ACTIVITY »
Directions for the data below: repeat exactly the lines from the one with "Bolso cruzado de" through the one with "Genshin ナド・クライ フリンズ", both included, and omit all pictures.

DATA SECTION »
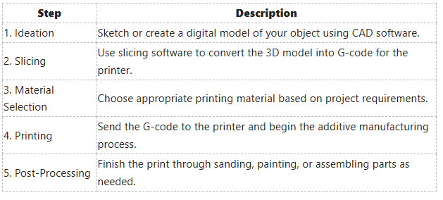 R : Les imprimantes 3D utilisent un processus appelé fabrication additive, où elles construisent des objets couche par couche à partir de matériaux comme le plastique, le métal ou la résine sur la base d'un fichier de conception numérique.
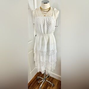 Triple tiered bottom with sunflower shaped appliqué hemline
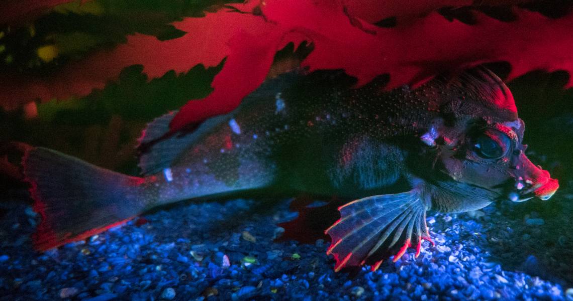 Jacques Vieira and a small team made up of Moving Sushi and other ocean advocates, including Ross Frylinck of the Sea-Change Project, came to the Two Oceans Aquarium one night in February to investigate and discover more about fluorescing animals. Once all the tourists and visitors had left for the day, the Aquarium turned off the lights. There in the dark, when the blue lights were shone on the different shark and fish species, something spectacular happened. Things were fluorescing that had not before been understood to even be capable of such actions. Penguins fluoresced, and so did crabs, horsefish, seahorses and the small puffadder and dark shysharks darting between the kelp.
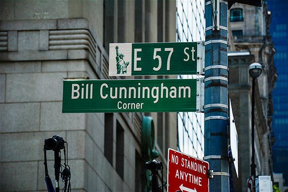 时装产业的致敬模式还不仅止于造型。在他生前好友Nick Nicholson、Derek Blasberg、Nina Garcia等人的请愿之下,纽约市政府批准将第五大道和57街道的街口以Bill Cunningham命名——这里是他常年蹲守寻觅拍摄目标的地方。
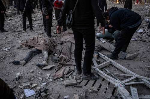 ▲ Voluntarios observan a víctimas de un ataque a un edificio en la plaza Enghelab de Teherán. Pese a que Israel y Estados Unidos han asegurado que sus blancos son objetivos militares, fuentes de la república islámica aseguran que los afectados son civiles.Foto Afp
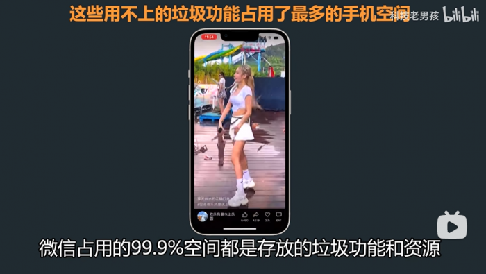 继续逆向工程后,该UP主表示,微信中真正实现聊天的代码可能只占0.1%,大部分代码用来运行小程序、视频号等功能,“微信占用的99.9%空间都是存放的垃圾功能和资源。”
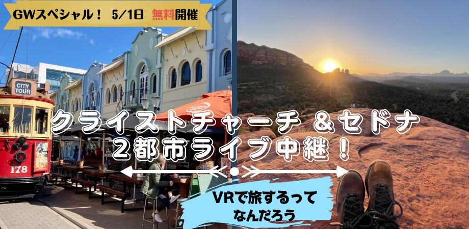 セドナの他にもグランドキャニオンハイキングや、ラスベガスの夜の街歩き、ニュージーランドからはクライストチャーチの街歩きや世界遺産アオラキ/マウントクック国立公園へのハイキングなど、おうちにいながら海外旅行の新スタイル「VRツアー」を楽しみましょう!
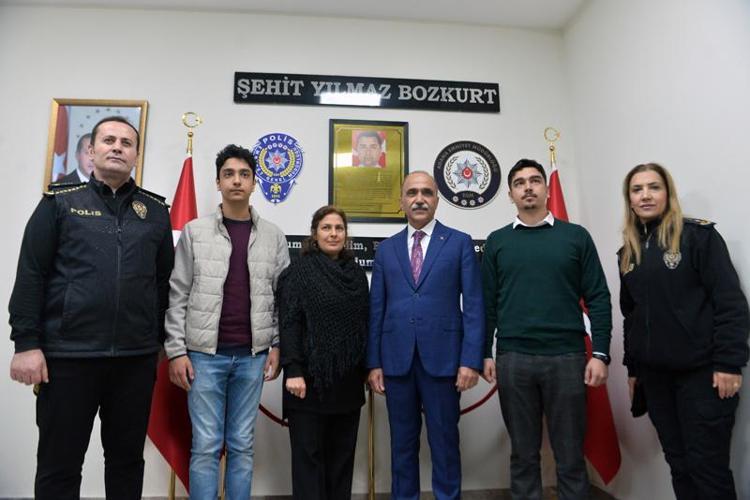 Adana’nın Seyhan ilçesinde yapımı tamamlanan polis merkezine, 2016’da aynı mahallede evrak dağıttığı sırada uğradığı silahlı saldırı sonucu şehit olan polis memuru Yılmaz Bozkurt’un adı verildi. Şehit oğlunun öz geçmişinin okunduğu sırada anne Alime Bozkurt gözyaşı döktü. Şehidin oğlu Görkem Hasan Bozkurt, “Babam yıllarca vatanı için bu bölgede görev yaptı ve burada şehit oldu. Onun adına böyle bir şey yapılması beni ve ailemi gururlandırdı” dedi.
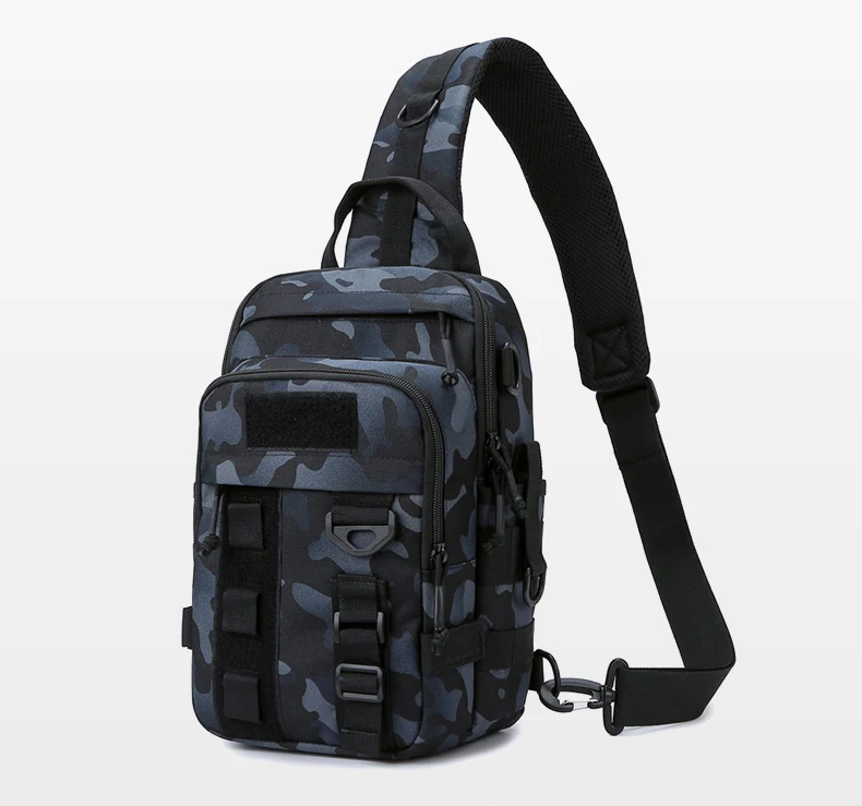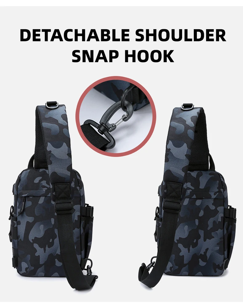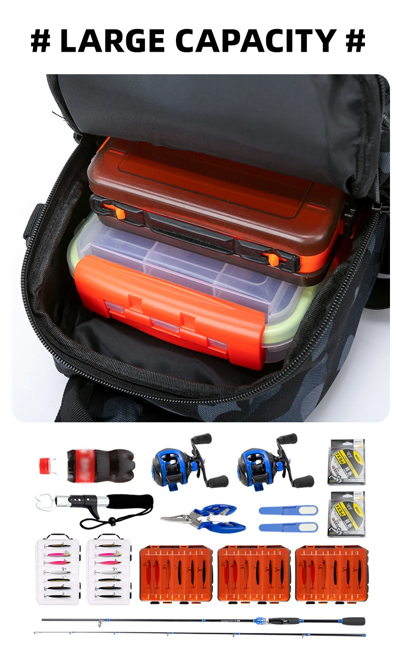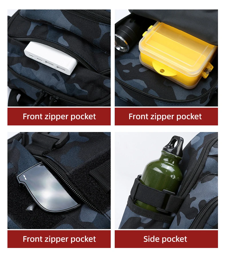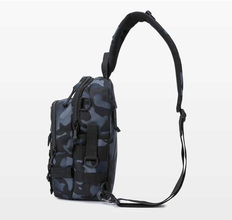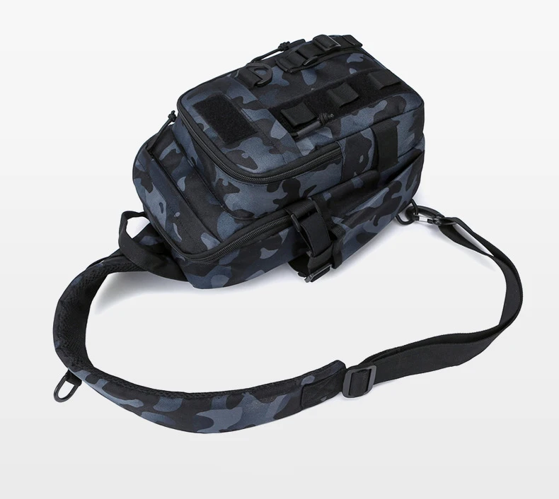 Bolso cruzado de camuflaje para el pecho, mochila de viaje de pesca de gran capacidad para almacenamiento de equipo de pesca
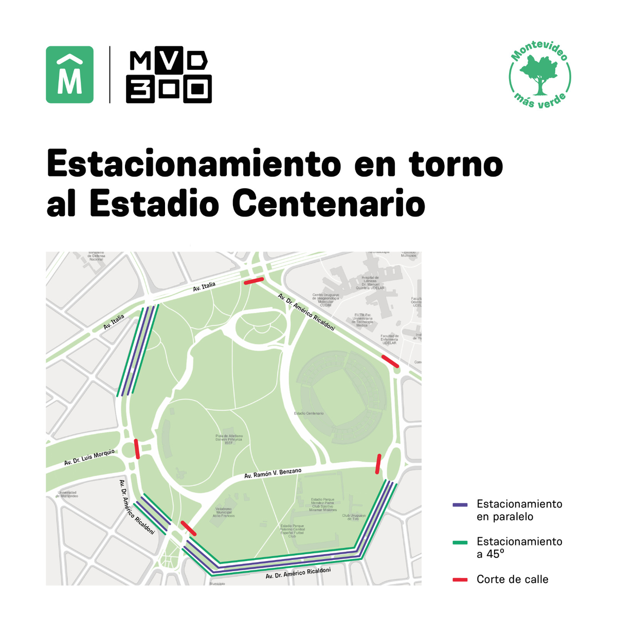 El tránsito estará afectado entre avenida Italia, Rcialdoni, Belzano y Navarro. La Intendencia de Montevideo (IMM) recordó que está prohibido que vehículos estacionen en canteros, áreas verdes y veredas.
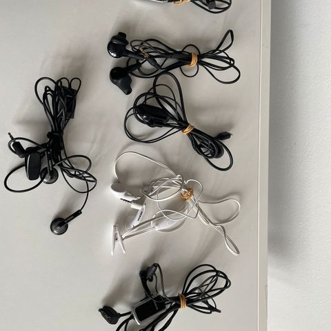 Sorte øretelefoner med kabel og 3,5 mm jack stik. Øretelefonerne har en indbygget mikrofon og kontrolknap på ledningen, som giver mulighed for at besvare opkald eller styre musikafspilning. Ledningen er lang og fleksibel, hvilket gør dem nemme at bruge til flere formål.
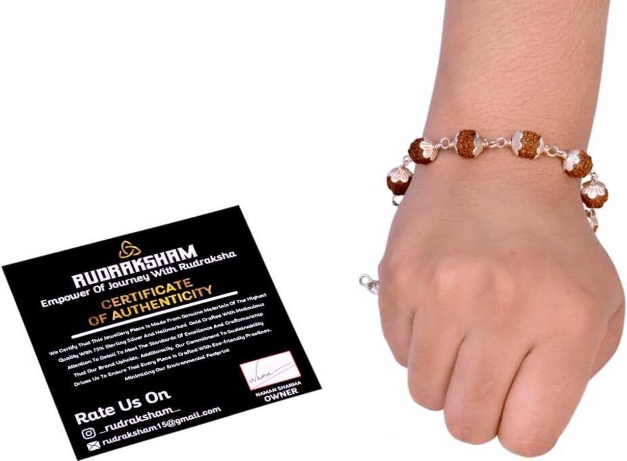 925 Silver Rudraksha Bracelet | Handmade Panchmukhi Beads Spiritual Jewelry
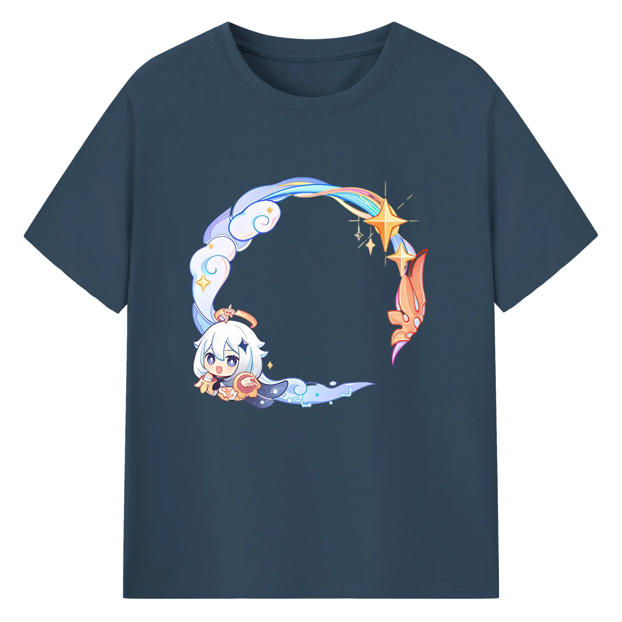 Genshin ナド・クライ フリンズ - 綿100% 半袖Tシャツ ・ フロントプリント ・ 快適 通気性 ・ 日常使い 散歩 スポーツ用
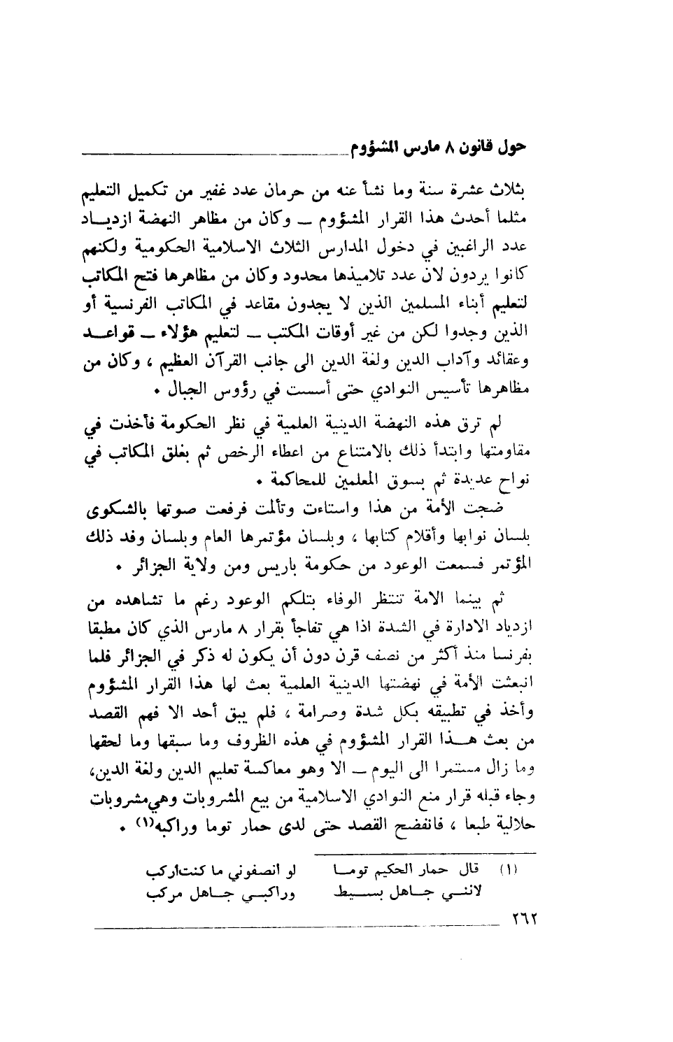 ثم بينما الأمة تنتظر الوفاء بتلكم الوعود رغم ما تشاهده من ازدياد الإدارة في الشدة إذا هي تفاجأ بقرار 8 مارس الذي كان مطبقا بفرنسا منذ أكثر من نصف قرن دون أن يكون له ذكر في الجزائر فلما انبعثت الأمة في نهضتها الدينية العلمية بعث لها هذا القرار المشؤوم وأخذ في تطبيقه بكل شدة وصرامة، فلم يبق أحد إلا فهم القصد من بعث هذا القرار المشؤوم في هذه الظروف وما سبقها وما لحقها وما زال مستمرا إلى اليوم- إلا وهو معاكسة تعليم الدين ولغة الدين، وجاء قبله قرار منع النوادي الإسلامية من بيع المشروبات وهي مشروبات حلالية طبعا، فانفضح القصد حتى لدى حمار توما وراكبه (1).

ANSWER SECTION »
 Bolso cruzado de camuflaje para el pecho, mochila de viaje de pesca de gran capacidad para almacenamiento de equipo de pesca
 El tránsito estará afectado entre avenida Italia, Rcialdoni, Belzano y Navarro. La Intendencia de Montevideo (IMM) recordó que está prohibido que vehículos estacionen en canteros, áreas verdes y veredas.
 Sorte øretelefoner med kabel og 3,5 mm jack stik. Øretelefonerne har en indbygget mikrofon og kontrolknap på ledningen, som giver mulighed for at besvare opkald eller styre musikafspilning. Ledningen er lang og fleksibel, hvilket gør dem nemme at bruge til flere formål.
 925 Silver Rudraksha Bracelet | Handmade Panchmukhi Beads Spiritual Jewelry
 Genshin ナド・クライ フリンズ - 綿100% 半袖Tシャツ ・ フロントプリント ・ 快適 通気性 ・ 日常使い 散歩 スポーツ用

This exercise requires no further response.